How Much Is a Blog Post Worth? A Formula?

Posted By Darren Rowse 25th of September 2006 Pro Blogging News

Interesting post over at Steve Pavlina’s which takes up the question that I wrote about last week – How Much Is a Blog Post Worth?

In the post Steve decides that posts on his blog are worth $2400 calculated over a 10 year life span.

He calculates this by taking the total earnings of his site and dividing it by the post numbers and then multiplying it by the lifespan of the post.

It’s actually an interesting formula and one that I used on my own blogs for the first year or so.

The only problem is that after 18-24 months of my own blogging the increase in my own earnings began to slow each month and the post numbers continued to rise at a similar rate.

I’m about to run out the door for the morning but I’ll make a few further brief comments on it (note – Steve and I agree on these things and he says them in his post – but I’ve come across people who take this type of formula to heart for every blog and then a year later ask why it doesn’t work):

  • Not all posts have the same earning potential – as I look at the posts on my sites that get the most visits and the ones that have the most clicks on ads from them I see that there are some posts in my archives that do considerably better than others.
  • Some blogs are more time specific than others – this formula will work better for Steve than others because his topic is more timeless than others. Writing on personal development is a topic that won’t date as fast as writing on a topic like mp3 players (where models become obsolete in 6 months). I find that on many of my more time specific blogs that the traffic drops to very little (if anything) on older posts within 12 months and not 10 years.
  • Remember Non Post Pages – one of the reasons I dropped this type of valuation of posts was because I had the realization that on some of my blogs the most valuable pages were the front page and category pages.
  • Traffic changes everything – I can just see some people reading Steves post and saying that every blog post is worth $2400 (in fact I’ve seen one blogger write this already). The fact is that on Steve’s blog it might be but it won’t be the case on every blog. There are many factors as to why this is (see below) but one of them is traffic. Steve’s blog is very well trafficked and he’s therefore able to earn quite a bit per post. Other sites will be able to earn even more per post (due in part to higher traffic) but the majority bloggers don’t have his type of stats and will struggle to make $10 per post over their lifetime simply because they can’t attract readers.
  • Other Factors to Consider – other reasons why different blogs will earn different amounts will include the topic (some topics are more commercially viable than others), the advertising types used (some blogs convert well with affiliate programs, others with CPC, others with CPM), the type of readers (loyal readers who come back daily tend to be harder to convert in some forms of advertising (CPC especially) than search engine referrals etc.

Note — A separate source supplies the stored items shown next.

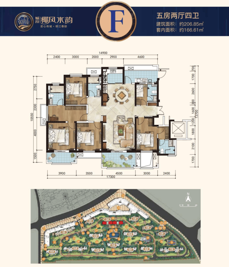 F户型:建面约206.85㎡五房两厅四卫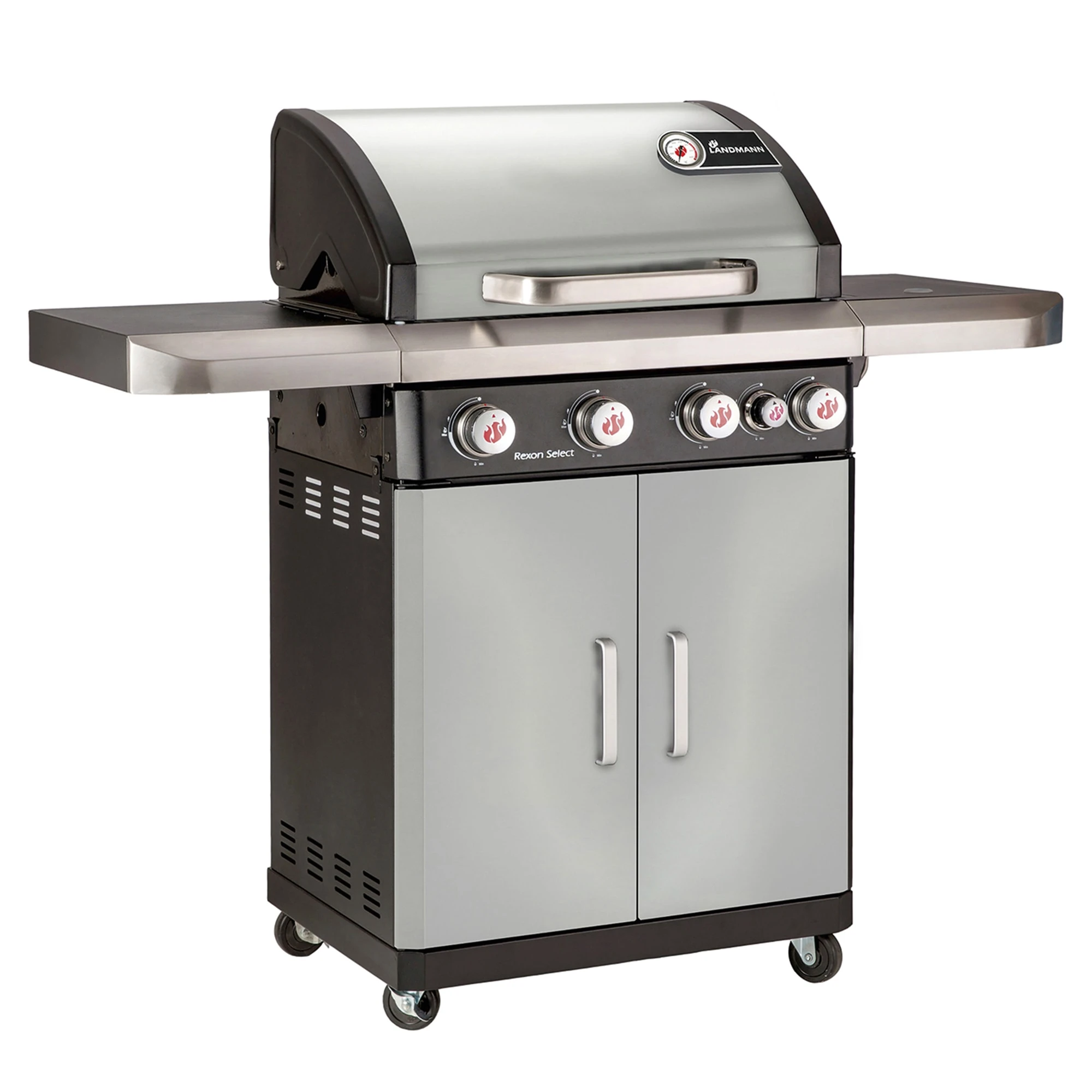 RejÀl gasolgrill förberedd för Modulus-tillbehör med fyra brÀnnare (vilket innebÀr extra hög grillkapacitet) i rostfritt stÄl och kokplatta pÄ ena sidobordet för tillredning av mat i stekpanna, kastrull eller wok.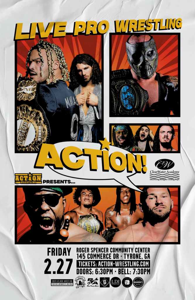 ACTION Wrestling 2/27/2026 ACTION! results from the Roger Spencer Community Center in Tyrone, Georgia. The event streamed live on IWTV.

I think Steve’s formula is one useful way to help determine how much you should pay (or charge for) blog posts but I’d also advise a little caution on applying it quickly across all blogs.

What I do like about Steve’s valuation is that it highlights the long term earning potential of a blog post. What you write today has the potential to bring revenue for the rest of it’s online life. It may diminish to some extent over time but it’s one of the things I am most excited about when it comes to making money via blogs.